5 years is a long time to do anything. Some days, I look at my life and it seems like I’ve been married forever; sometimes I have trouble remembering what life was like before marriage. For instance, I have no idea how I ever had clean clothes. In all my college years, I can honestly not recall one time that I did laundry. Not once. I guess that’s just not a memorable event, but you would think that there would be some sort of recollection there.
Some days it seems like we just got married. We laugh. We still find things to talk about. And we never fight. It’s like I have been on a honeymoon for 5 years. I love my wife.

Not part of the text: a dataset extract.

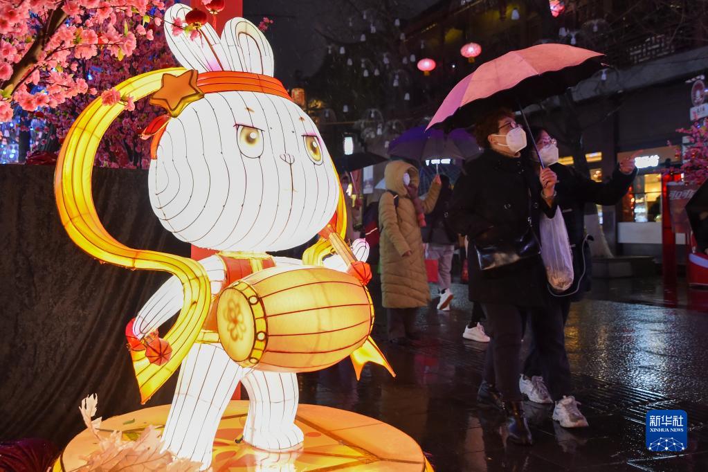 1月14日,游客在南京夫子廟景區(qū)觀燈游覽。

Lindsey makes me laugh. I love the fact that I get to see a side of her that no one else does. She’s kinda shy, so she doesn’t give herself away to a lot of people. But she gives her self completely over to me. And she isn’t afraid to put herself completely out there because she knows that regardless of whatever she might say or do, I’ll be there with a smile.
When you first get engaged or if you haven’t been married very long, people try to tell you that the first couple of years are the hardest. That’s crazy. I can’t imagine my life being any easier or better. Sure, we didn’t have any money when we got married. But I think that was good, because it forced us to lean on each other.

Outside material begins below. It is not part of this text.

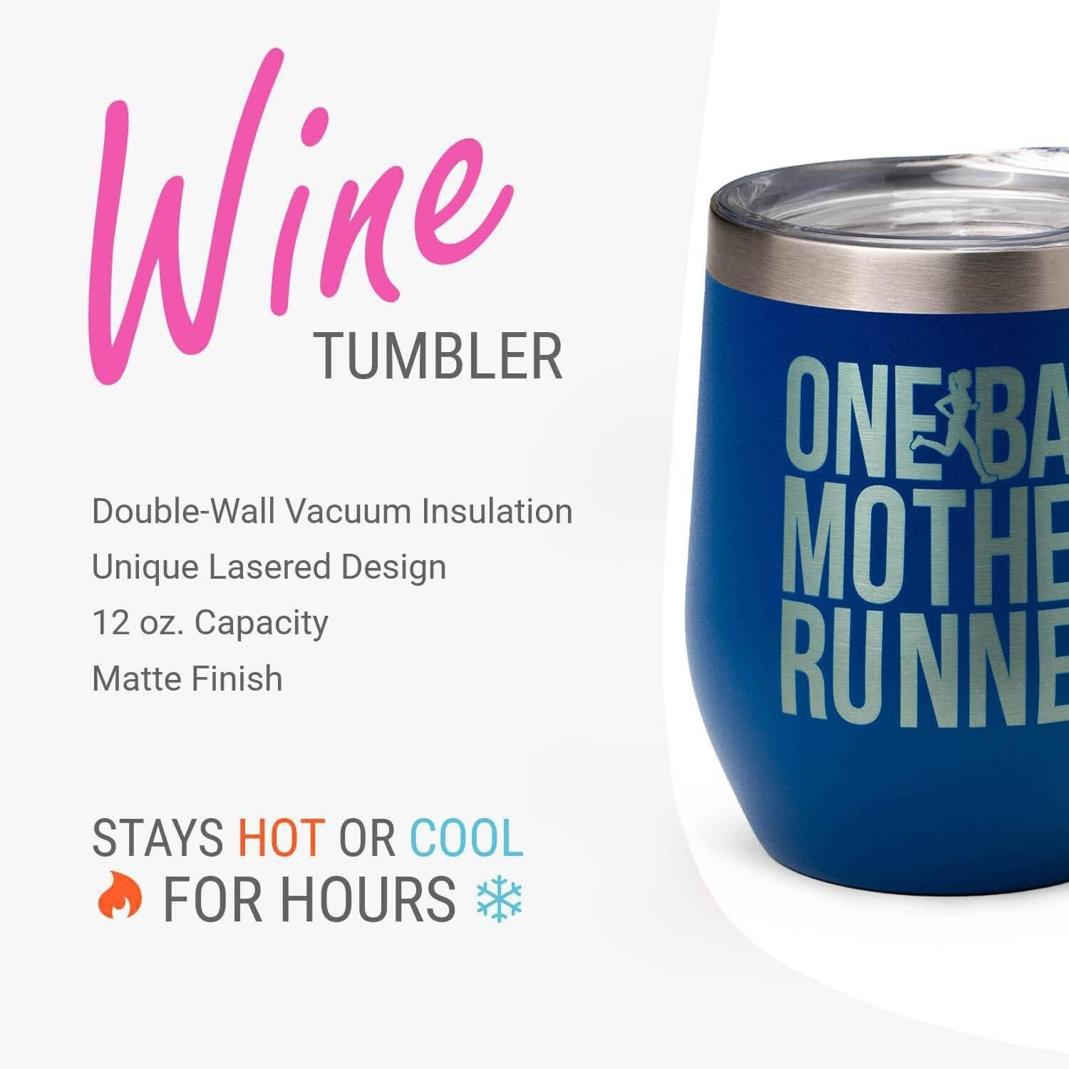 EXCLUSIVE DESIGN! This Mother Runner 12 oz stainless steel wine tumbler is proudly designed right here in the USA and is perfect for the passionate runner! This awesome running wine tumbler is a perfect travel tumbler for work outs, marathons or any activity, taking your drink on the go and so much more! The exclusive design paired with the smooth powder coated finish of this running wine tumbler make it a clear winner in the drinkware department.

If I had to say that one thing has been hard for me in marriage, it’s this: Lindsey’s body temperature rises about 5 degrees when she sleeps. Seriously. It’s the weirdest thing of all time; Keller does it, too. I like all my covers and sheets and pillows to be very cold. Her intense body heat makes everything in the bed sweaty and therefore, uncomfortable. If that’s the only gripe I have for the next 5 years, I think I’ll be OK.